Leia abaixo os principais trechos da entrevista que Alfredo Bosi concedeu à Folha.
(SYLVIA COLOMBO)

Folha - O sr. diz: "A literatura, com ser ficção, resiste à mentira. É nesse horizonte que o espaço da literatura, considerado em geral como o lugar da fantasia, pode ser o lugar da verdade mais exigente". A resistência que a literatura oferece cumpre-se especificamente dentro do espaço da literatura?
Alfredo Bosi -
[Antonio] Gramsci (1891-1937), que era um pensador revolucionário, reconhecia, porém, a diferença que, em geral, separa a militância política e a arte. A política de esquerda é uma ação organizada para mudar a realidade, o que é, aliás, um ponto capital do marxismo. O artista, mesmo quando o seu credo é radical, usa do seu talento para representar o real, interpretá-lo e exprimi-lo à luz das suas intuições e dos seus sentimentos.
Assim, o artista pode estimular no leitor o desejo de mudar as coisas, e que é um efeito político da arte. Mas esse efeito não é responsável pelo valor expressivo e estético da obra. Um grande romancista, como Balzac e Dostoiévski, pode ter uma ideologia conservadora e suscitar atitudes de revolta no leitor revolucionário.

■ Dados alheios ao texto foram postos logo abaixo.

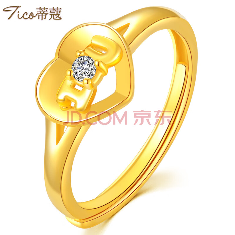 商品相册:蒂蔻(Tico)时尚足金999爱心形黄金戒指女3D硬金桃心活口女戒指环生日礼物第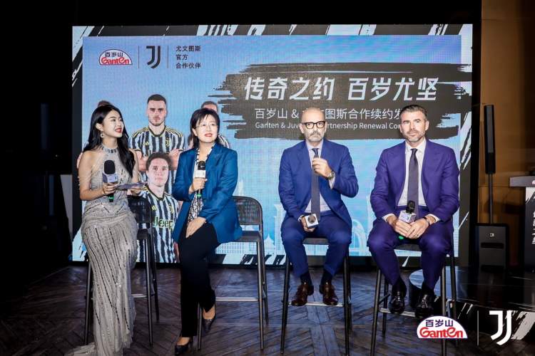 百岁山与足球的相遇更加引人注目。2017年,百岁山首次与意大利豪门尤文图斯签约,成为其官方合作伙伴。这一合作标志着百岁山正式进军足球领域。随着时间的推移,百岁山与尤文图斯的合作越发紧密。2019,尤文图斯签下了著名球星C罗,他的加入为这个合作带来了更多的关注和热度,也再次印证了多年深耕体育圈的百岁山眼光独到的一面。经过多年愉快的合作,在2023年,百岁山选择继续与尤文图斯俱乐部携手,并且举办了盛大的签约仪式。

Folha - No artigo "Canudos Não se Rendeu", o senhor chama a atenção para a necessidade de modernizarmos nossa leitura de "Os Sertões". Deveríamos levar em conta seus "estratos superiores e mais resistentes" em detrimento de características que o tornam uma obra datada: seu "determinismo estreito" e a "linguagem rebuscada". O que viria à tona com a nova leitura que o sr. propõe?
Bosi -
"Os Sertões" já têm um século de vida. A sua presença na cultura brasileira deve-se a razões que superam as duas características que marcaram a obra quando apareceu: o determinismo do meio e da raça e a linguagem árdua, hiperbólica. O que resiste até hoje, e faz de "Os Sertões" um livro fascinante, é a expressão do drama vivido pelos fiéis de Antônio Conselheiro em Canudos.
A desproporção entre as forças do Exército e os recursos dos sertanejos representa o abismo que havia entre o Brasil formal e o Brasil profundo. Euclydes, que inicialmente julgava o Conselheiro uma ameaça à jovem República, um "foco monarquista" perigoso, acabou se convencendo de que se tratava de um movimento de gente pobre e abandonada. E a reportagem que ele fez, "in loco", virou a denúncia de um crime. Essa é a atualidade viva de "Os Sertões": tornar o passado uma realidade de certa forma contemporânea do historiador, como propunham, com filosofias diferentes, Croce e Benjamin.

Folha - No mesmo artigo, o sr. diz que a compreensão do messianismo do Conselheiro foi uma "conquista no roteiro intelectual de Euclydes". Em que medida o sr. acredita que o autor de "Os Sertões" diferenciava-se do padrão dos intelectuais de sua época?
Bosi -
Euclydes formou-se na segunda metade do século 19, época áurea do determinismo racial e do evolucionismo linear. Os seus mestres europeus e brasileiros (como o médico-antropólogo Nina Rodrigues) consideravam o branco europeu organicamente superior a todos os povos colonizados. O fenômeno do messianismo entrava, sem mais, na categoria do atraso. Euclydes não conheceu nenhuma outra explicação "científica" para entender o messianismo. Mas, levado por uma intuição ética, ele conseguiu, ao menos, sentir a contradição social e cultural que gerava o comportamento dos sertanejos.
Foi um passo adiante que ele deu, por si mesmo, o que o diferencia de muitos intelectuais do seu tempo, que viam o Brasil só a partir da rua do Ouvidor e dos brilharecos da Belle Époque. É preciso lembrar que os grandes estudos sobre o messianismo no Brasil só apareceriam nos anos 60 com as pesquisas de Maria Isaura Pereira de Queiroz e Douglas Teixeira Monteiro, entre outros.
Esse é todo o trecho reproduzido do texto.